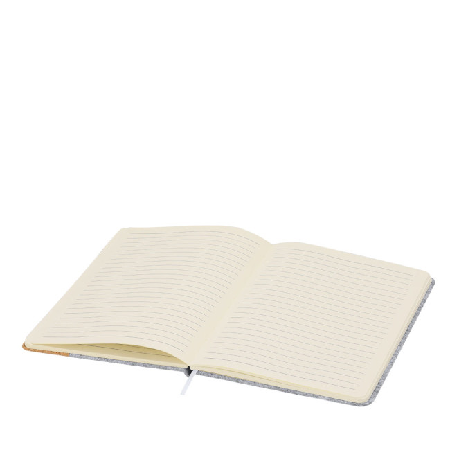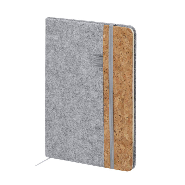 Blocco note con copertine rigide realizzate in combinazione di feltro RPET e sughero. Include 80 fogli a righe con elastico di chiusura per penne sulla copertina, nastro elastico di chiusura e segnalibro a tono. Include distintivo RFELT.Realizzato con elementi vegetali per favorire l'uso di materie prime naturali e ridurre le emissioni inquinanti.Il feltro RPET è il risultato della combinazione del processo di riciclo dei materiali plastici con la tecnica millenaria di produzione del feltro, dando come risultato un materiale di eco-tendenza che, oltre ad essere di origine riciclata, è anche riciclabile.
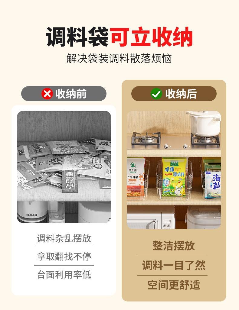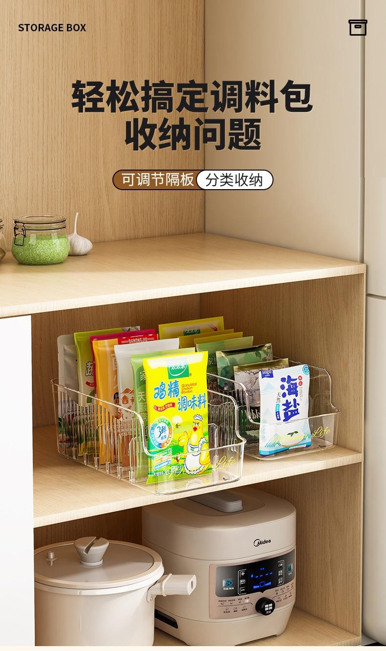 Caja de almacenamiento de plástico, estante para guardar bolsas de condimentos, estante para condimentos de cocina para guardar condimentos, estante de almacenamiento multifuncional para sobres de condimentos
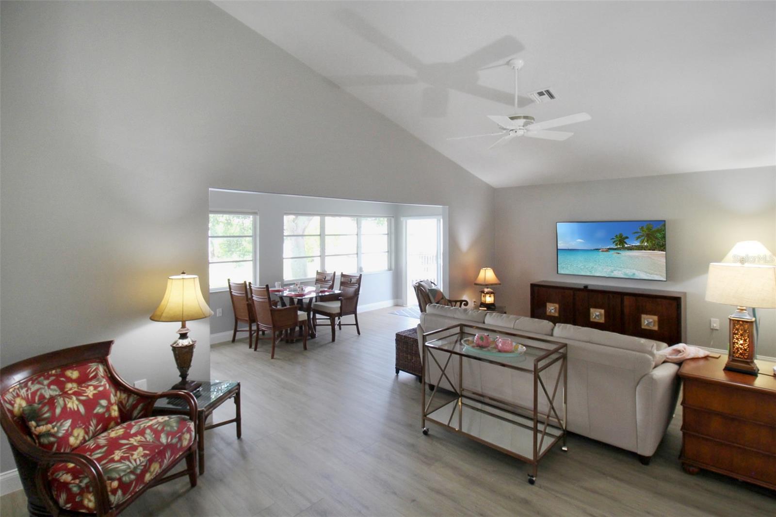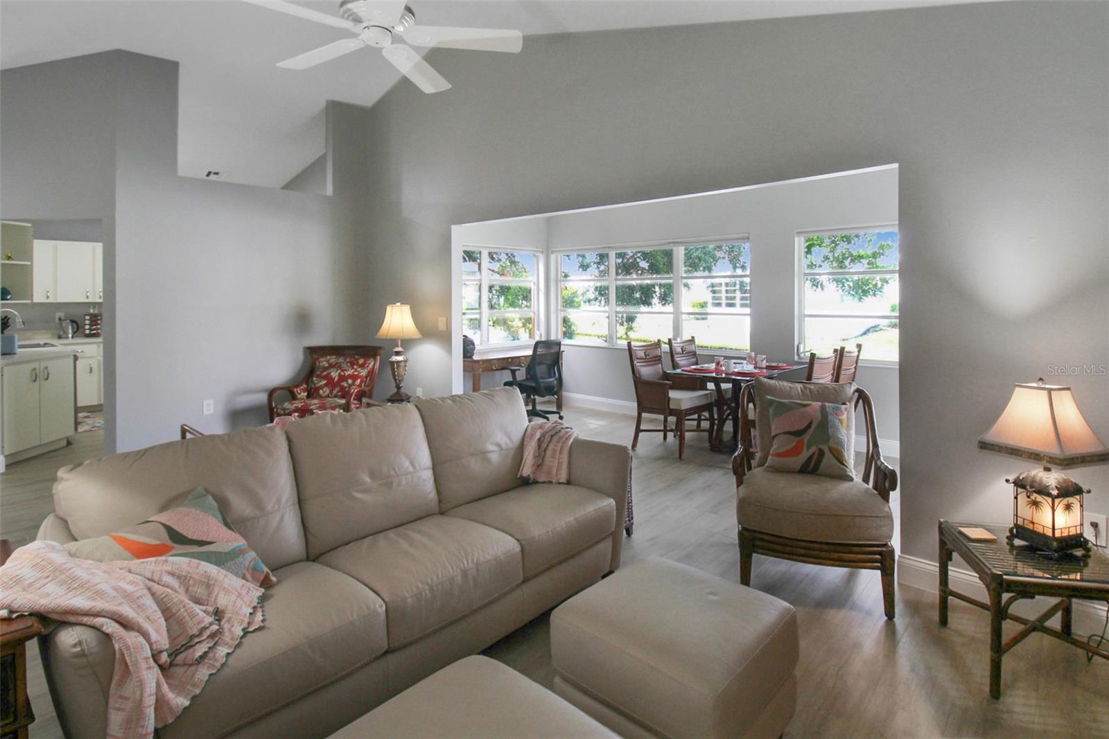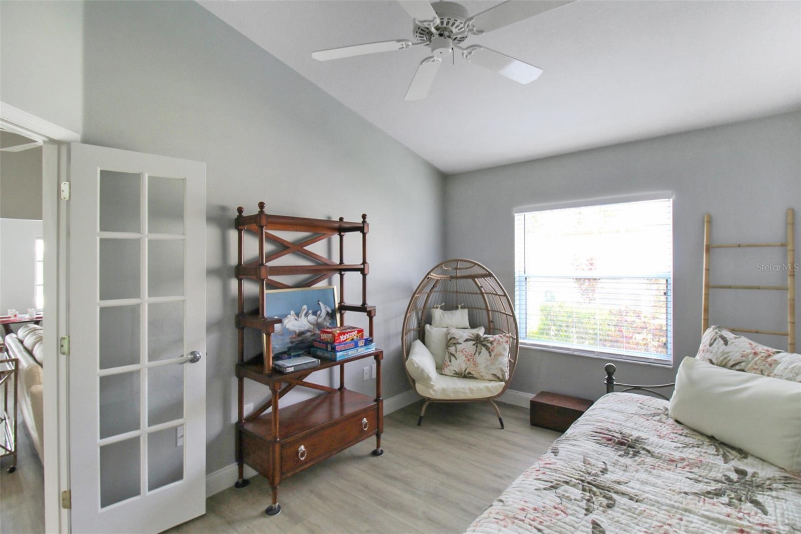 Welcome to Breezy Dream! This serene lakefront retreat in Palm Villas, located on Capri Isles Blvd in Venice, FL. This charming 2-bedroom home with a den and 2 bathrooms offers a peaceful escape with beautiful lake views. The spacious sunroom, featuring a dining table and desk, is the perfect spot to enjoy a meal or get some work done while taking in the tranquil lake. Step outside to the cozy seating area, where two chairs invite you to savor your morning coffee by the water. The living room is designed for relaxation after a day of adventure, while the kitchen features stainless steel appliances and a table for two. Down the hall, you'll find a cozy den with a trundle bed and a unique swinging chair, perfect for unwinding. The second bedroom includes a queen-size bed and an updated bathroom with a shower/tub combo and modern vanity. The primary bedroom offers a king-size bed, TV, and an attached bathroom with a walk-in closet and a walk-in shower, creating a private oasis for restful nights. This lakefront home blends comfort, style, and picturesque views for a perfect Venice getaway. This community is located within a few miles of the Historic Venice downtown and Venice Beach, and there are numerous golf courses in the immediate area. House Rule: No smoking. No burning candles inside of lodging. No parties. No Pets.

---

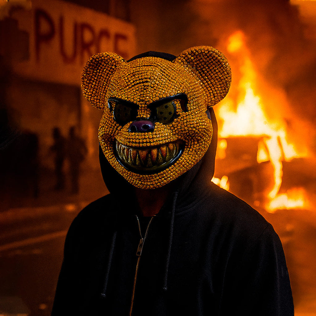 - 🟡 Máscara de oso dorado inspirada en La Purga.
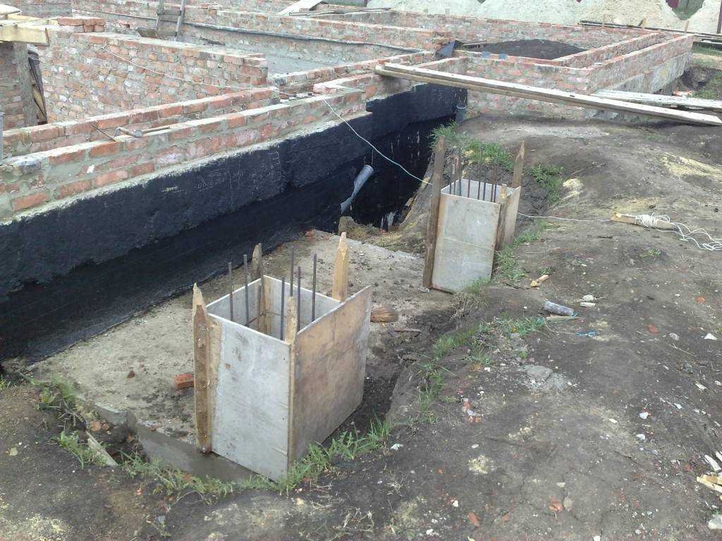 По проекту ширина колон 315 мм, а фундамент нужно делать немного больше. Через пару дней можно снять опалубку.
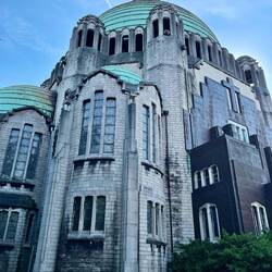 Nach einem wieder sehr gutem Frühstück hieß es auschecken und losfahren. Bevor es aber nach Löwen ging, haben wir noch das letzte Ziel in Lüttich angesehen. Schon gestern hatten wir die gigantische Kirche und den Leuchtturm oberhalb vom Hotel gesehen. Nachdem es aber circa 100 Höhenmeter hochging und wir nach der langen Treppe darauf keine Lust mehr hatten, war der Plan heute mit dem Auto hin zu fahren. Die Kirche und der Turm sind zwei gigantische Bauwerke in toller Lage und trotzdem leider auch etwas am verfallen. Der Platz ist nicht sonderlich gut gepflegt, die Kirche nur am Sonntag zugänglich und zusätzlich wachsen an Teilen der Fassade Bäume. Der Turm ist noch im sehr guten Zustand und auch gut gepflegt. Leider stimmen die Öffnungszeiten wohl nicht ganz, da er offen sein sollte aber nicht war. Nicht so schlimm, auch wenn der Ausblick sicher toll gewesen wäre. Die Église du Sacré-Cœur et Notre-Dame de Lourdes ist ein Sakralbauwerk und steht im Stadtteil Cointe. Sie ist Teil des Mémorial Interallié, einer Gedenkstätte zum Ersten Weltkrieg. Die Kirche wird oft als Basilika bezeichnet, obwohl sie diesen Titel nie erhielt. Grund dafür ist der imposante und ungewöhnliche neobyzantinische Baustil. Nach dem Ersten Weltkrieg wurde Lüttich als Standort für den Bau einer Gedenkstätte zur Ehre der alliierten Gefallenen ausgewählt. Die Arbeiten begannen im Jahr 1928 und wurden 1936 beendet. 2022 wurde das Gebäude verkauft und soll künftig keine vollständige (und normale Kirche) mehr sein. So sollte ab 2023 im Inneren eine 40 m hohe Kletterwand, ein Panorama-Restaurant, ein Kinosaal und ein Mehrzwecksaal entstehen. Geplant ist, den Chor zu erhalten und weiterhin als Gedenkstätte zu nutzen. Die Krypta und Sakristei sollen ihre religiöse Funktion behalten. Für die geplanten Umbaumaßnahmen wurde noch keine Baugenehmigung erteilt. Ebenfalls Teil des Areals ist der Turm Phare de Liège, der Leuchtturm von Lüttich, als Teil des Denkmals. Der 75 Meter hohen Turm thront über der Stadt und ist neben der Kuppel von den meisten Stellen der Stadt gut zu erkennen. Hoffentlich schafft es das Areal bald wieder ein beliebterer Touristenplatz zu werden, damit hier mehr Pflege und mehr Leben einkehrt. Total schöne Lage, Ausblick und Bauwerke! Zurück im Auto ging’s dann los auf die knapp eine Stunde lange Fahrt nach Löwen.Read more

* _Aim of the exercise_:
From the data above, retype only the lines starting with the line with "- 🟡 Máscara" and going on through the line with "По проекту ширина", exactly, leaving out the pictures.

* _Solution to this problem_:
 - 🟡 Máscara de oso dorado inspirada en La Purga.
 По проекту ширина колон 315 мм, а фундамент нужно делать немного больше. Через пару дней можно снять опалубку.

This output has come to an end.